Moving away from static interfaces in an AI-driven world
Imagine saying “Move it 20px to the right” to a designer. Pixel-perfect commands stifle creativity as both human designers and AI view layouts holistically and often undo tiny tweaks to maintain balance.

Giving exact sizes and positions also buries your reasoning, making it less obvious why specific choices were made. Why that color? Why that spacing? Maybe it was random? When AI updates your design later, it may erase those decisions and, along with them, your original ideas.
Instead of seeing interfaces as finished pictures, think of them as live streams. Features change, needs shift, and manual fixes become problems. AI can’t incorporate every pixel adjustment if it can't understand the reasoning for those changes.
What building UI with AI should look like
The better way is to talk to AI in plain terms. Explain your goal, not the exact look. For example, instead of saying “Make this button 100px wide,” say “Ensure the button is prominent and easy to tap,” and let AI handle the details. For instance, you might say “Let users pick from a list or type their own option,” and let AI choose a Combobox as a UI element. If you simply say “Let users pick from a list,” AI would choose a Select element. You define what you want; AI fills in the details.
With this approach, AI takes care of layout, accessibility, and style. It keeps your design consistent and up to date, while you focus on the big picture.
The future of UI is a simple promise: you explain why, and AI figures out how - delivering faster, more consistent, and scalable designs. Your designs stay fresh, flexible, and true to your vision, at least that's the idea.
What about taste and personal preference?
What about choices you can't really explain? Maybe you just know when something looks right, but you don’t have a clear reason why. In those cases, a good AI-driven design tool needs a special UX:
- Offer options: Let you pick between different looks.
- Record your choice: The AI remembers your pick and your feedback.
- Check in later: When that part of the design changes, the AI asks if your preference still stands or if it can try a new style.
This way, even your gut feelings stay part of the design process, and AI learns what feels right for you over time.
Documenting the intent instead of random decisions
When we create pixel-perfect designs, we bury intent and make it hard to record our reasoning.

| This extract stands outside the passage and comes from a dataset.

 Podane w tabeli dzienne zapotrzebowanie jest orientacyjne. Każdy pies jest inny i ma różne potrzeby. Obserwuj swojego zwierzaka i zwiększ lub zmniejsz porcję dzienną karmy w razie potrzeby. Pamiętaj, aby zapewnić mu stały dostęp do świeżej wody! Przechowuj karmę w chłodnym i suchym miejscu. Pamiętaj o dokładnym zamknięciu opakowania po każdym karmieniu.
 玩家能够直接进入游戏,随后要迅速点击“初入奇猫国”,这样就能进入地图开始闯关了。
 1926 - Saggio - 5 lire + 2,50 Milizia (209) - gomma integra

Generating multiple versions and trusting your gut - then never revisiting those drafts - means ideas, feedback, and rationale get lost, especially as teams grow and many people work on the same product. Stakeholders and even your future self have no clear record of why choices were made. Only the final artifact survives, even though the real value lies in the ideas and intent behind it. Artifacts alone are just one way to implement the original idea.

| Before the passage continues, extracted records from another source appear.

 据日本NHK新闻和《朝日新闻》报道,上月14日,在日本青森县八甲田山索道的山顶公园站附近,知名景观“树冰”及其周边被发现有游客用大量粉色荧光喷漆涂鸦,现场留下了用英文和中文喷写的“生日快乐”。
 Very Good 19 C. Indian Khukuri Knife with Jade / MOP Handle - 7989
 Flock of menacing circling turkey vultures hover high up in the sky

AB testing should not be an afterthought
It’s easy to trust your gut as a designer - but is that what users really want? Feedback loops are often painfully slow. It can take weeks or months to implement a design, gather user feedback, and learn what didn’t work. Sometimes you must rethink the entire design or address multiple issues, and over time, designers can lose the ability to critically evaluate their own work.
With an AI-driven design process, you can dramatically speed up this feedback loop - from concept to user testing in hours or even minutes. You won’t get stuck on minor implementation details or cling to outdated decisions.

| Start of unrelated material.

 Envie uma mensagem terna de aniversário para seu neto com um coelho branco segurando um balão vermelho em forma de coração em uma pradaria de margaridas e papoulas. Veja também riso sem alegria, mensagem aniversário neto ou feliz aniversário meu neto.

This approach lets you relentlessly focus on what users need instead of personal preferences.
Adopting a new mindset
This represents a dramatic shift from how we think about design today. Today, design centers on our personal experiences and preferred workflows. With direct manipulation tools, we feel like artists shaping the world. We have complete control, and the process feels inherently creative.
With AI, the focus shifts from total control to expressing intent - guiding the outcome rather than dictating every detail. It’s about guiding others to achieve the results you want rather than doing it yourself. For those managing teams, this will feel familiar: managers don’t implement tasks themselves; their role is to ensure teams build what users need, acting as a translation layer between users and the product.